• Task item:
What is needed is an exact copy of the entries, with the pictures excluded.

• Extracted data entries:
------
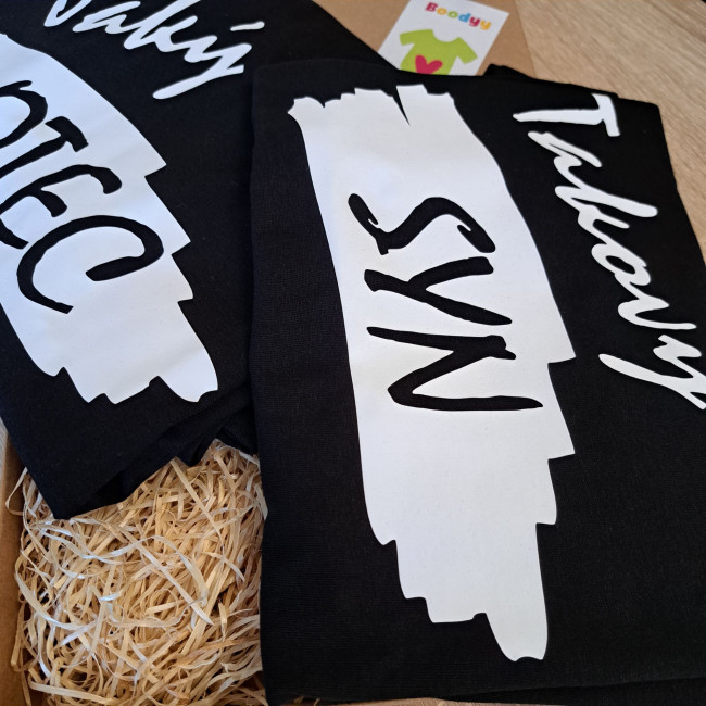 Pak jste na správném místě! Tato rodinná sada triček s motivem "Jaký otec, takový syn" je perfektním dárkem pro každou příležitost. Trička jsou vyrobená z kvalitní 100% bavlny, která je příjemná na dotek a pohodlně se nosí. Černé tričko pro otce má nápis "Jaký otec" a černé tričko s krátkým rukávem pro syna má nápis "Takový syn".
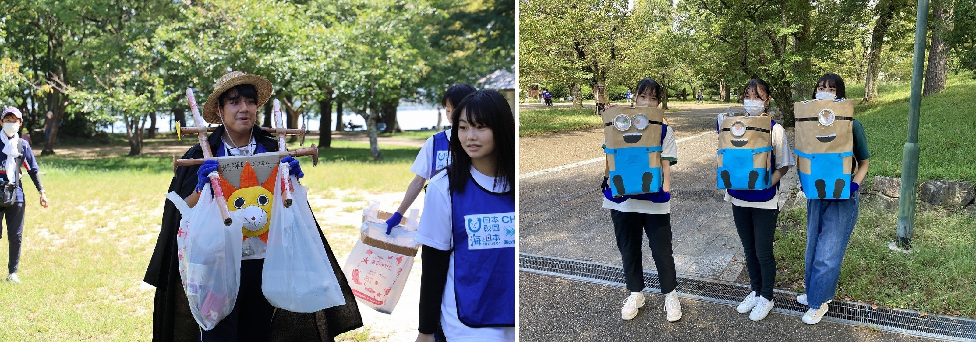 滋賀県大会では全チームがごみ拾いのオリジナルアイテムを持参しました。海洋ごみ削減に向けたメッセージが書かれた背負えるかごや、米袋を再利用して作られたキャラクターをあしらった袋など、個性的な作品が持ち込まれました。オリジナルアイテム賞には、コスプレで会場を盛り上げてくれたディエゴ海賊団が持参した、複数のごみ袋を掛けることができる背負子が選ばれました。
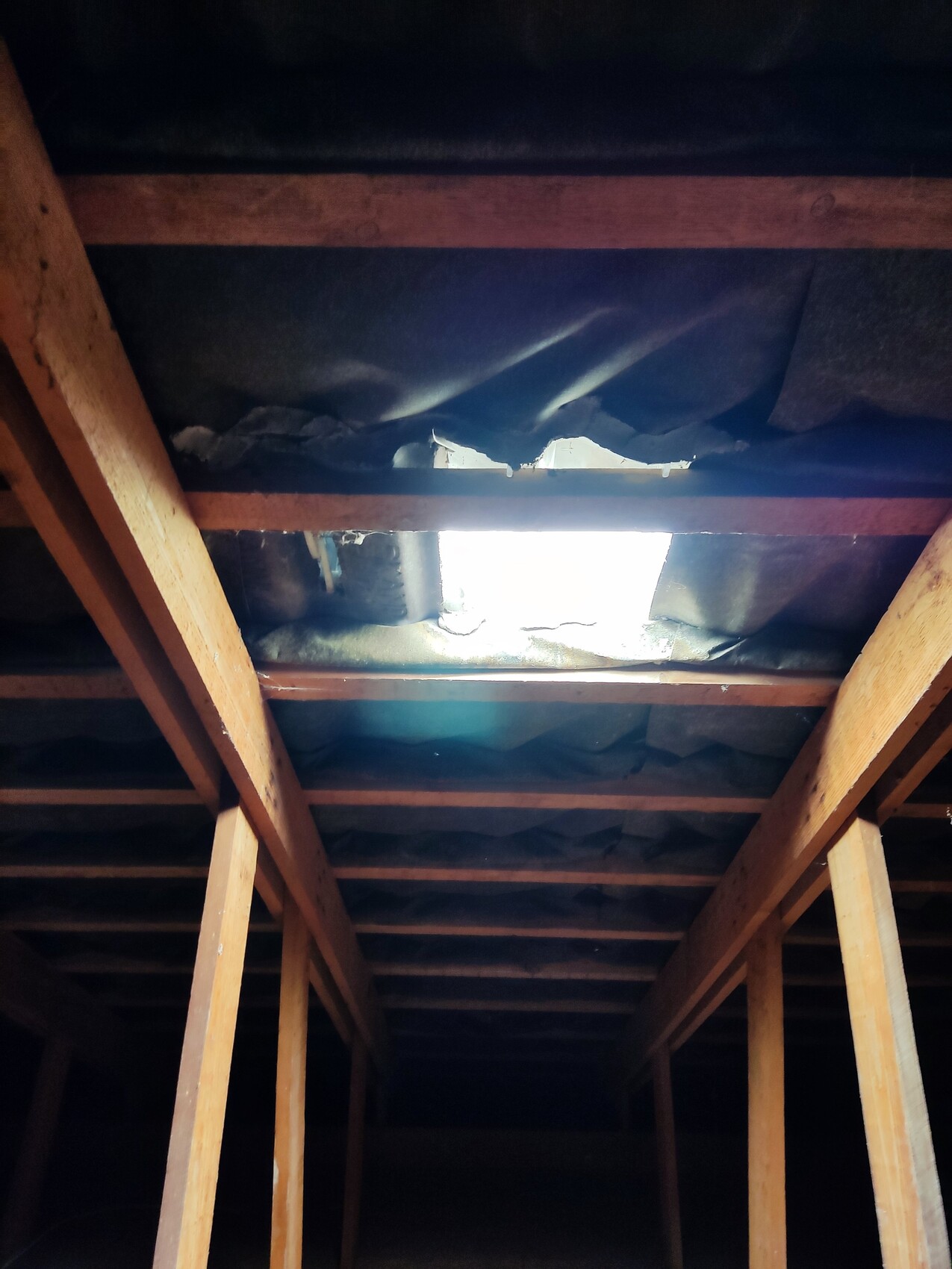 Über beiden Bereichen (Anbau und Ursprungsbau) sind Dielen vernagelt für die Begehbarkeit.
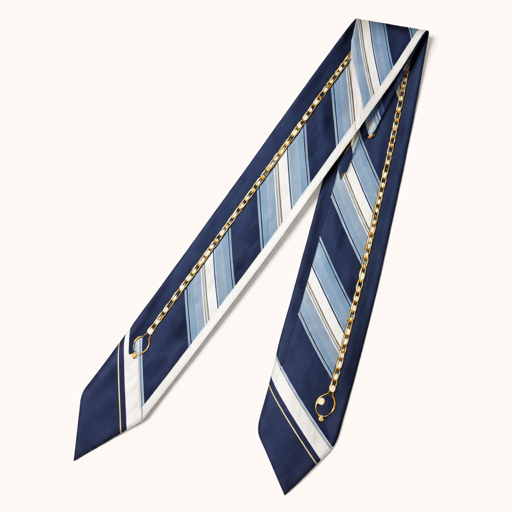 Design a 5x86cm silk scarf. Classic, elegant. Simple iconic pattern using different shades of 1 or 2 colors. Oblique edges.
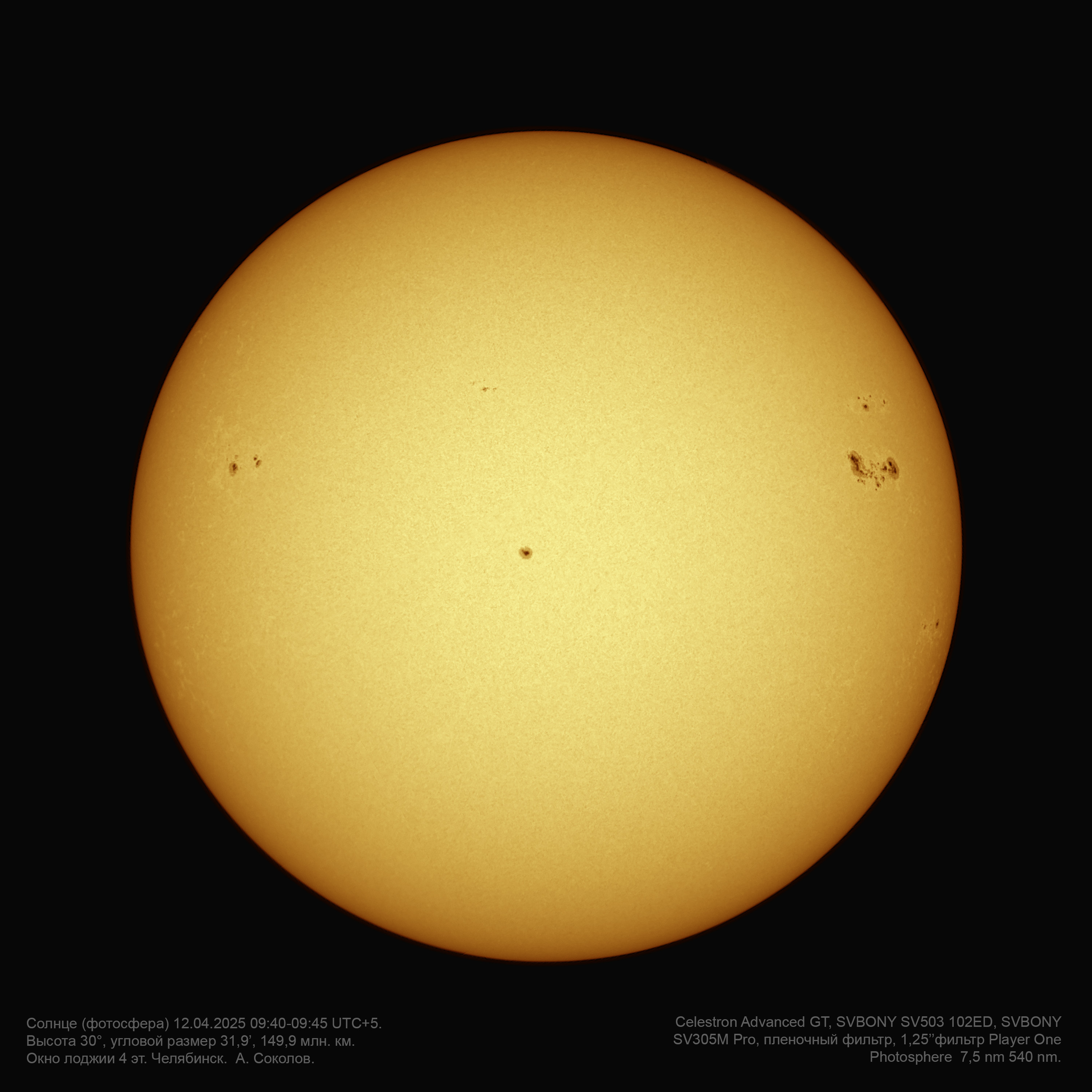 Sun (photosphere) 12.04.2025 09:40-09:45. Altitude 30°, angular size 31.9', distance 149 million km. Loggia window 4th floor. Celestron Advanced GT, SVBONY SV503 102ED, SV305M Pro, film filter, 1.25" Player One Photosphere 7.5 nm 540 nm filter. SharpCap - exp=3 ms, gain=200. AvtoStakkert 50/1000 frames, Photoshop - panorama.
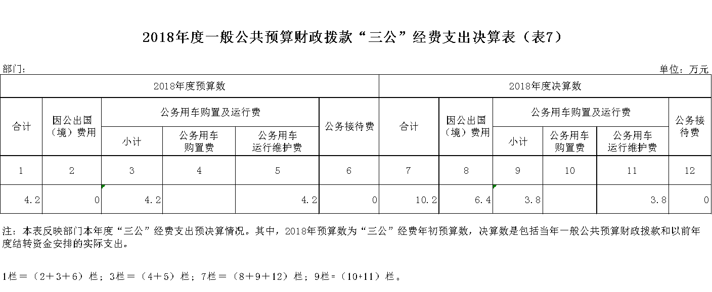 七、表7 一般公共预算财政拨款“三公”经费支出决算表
------
• Answer to the exercise:
 Pak jste na správném místě! Tato rodinná sada triček s motivem "Jaký otec, takový syn" je perfektním dárkem pro každou příležitost. Trička jsou vyrobená z kvalitní 100% bavlny, která je příjemná na dotek a pohodlně se nosí. Černé tričko pro otce má nápis "Jaký otec" a černé tričko s krátkým rukávem pro syna má nápis "Takový syn".
 滋賀県大会では全チームがごみ拾いのオリジナルアイテムを持参しました。海洋ごみ削減に向けたメッセージが書かれた背負えるかごや、米袋を再利用して作られたキャラクターをあしらった袋など、個性的な作品が持ち込まれました。オリジナルアイテム賞には、コスプレで会場を盛り上げてくれたディエゴ海賊団が持参した、複数のごみ袋を掛けることができる背負子が選ばれました。
 Über beiden Bereichen (Anbau und Ursprungsbau) sind Dielen vernagelt für die Begehbarkeit.
 Design a 5x86cm silk scarf. Classic, elegant. Simple iconic pattern using different shades of 1 or 2 colors. Oblique edges.
 Sun (photosphere) 12.04.2025 09:40-09:45. Altitude 30°, angular size 31.9', distance 149 million km. Loggia window 4th floor. Celestron Advanced GT, SVBONY SV503 102ED, SV305M Pro, film filter, 1.25" Player One Photosphere 7.5 nm 540 nm filter. SharpCap - exp=3 ms, gain=200. AvtoStakkert 50/1000 frames, Photoshop - panorama.
 七、表7 一般公共预算财政拨款“三公”经费支出决算表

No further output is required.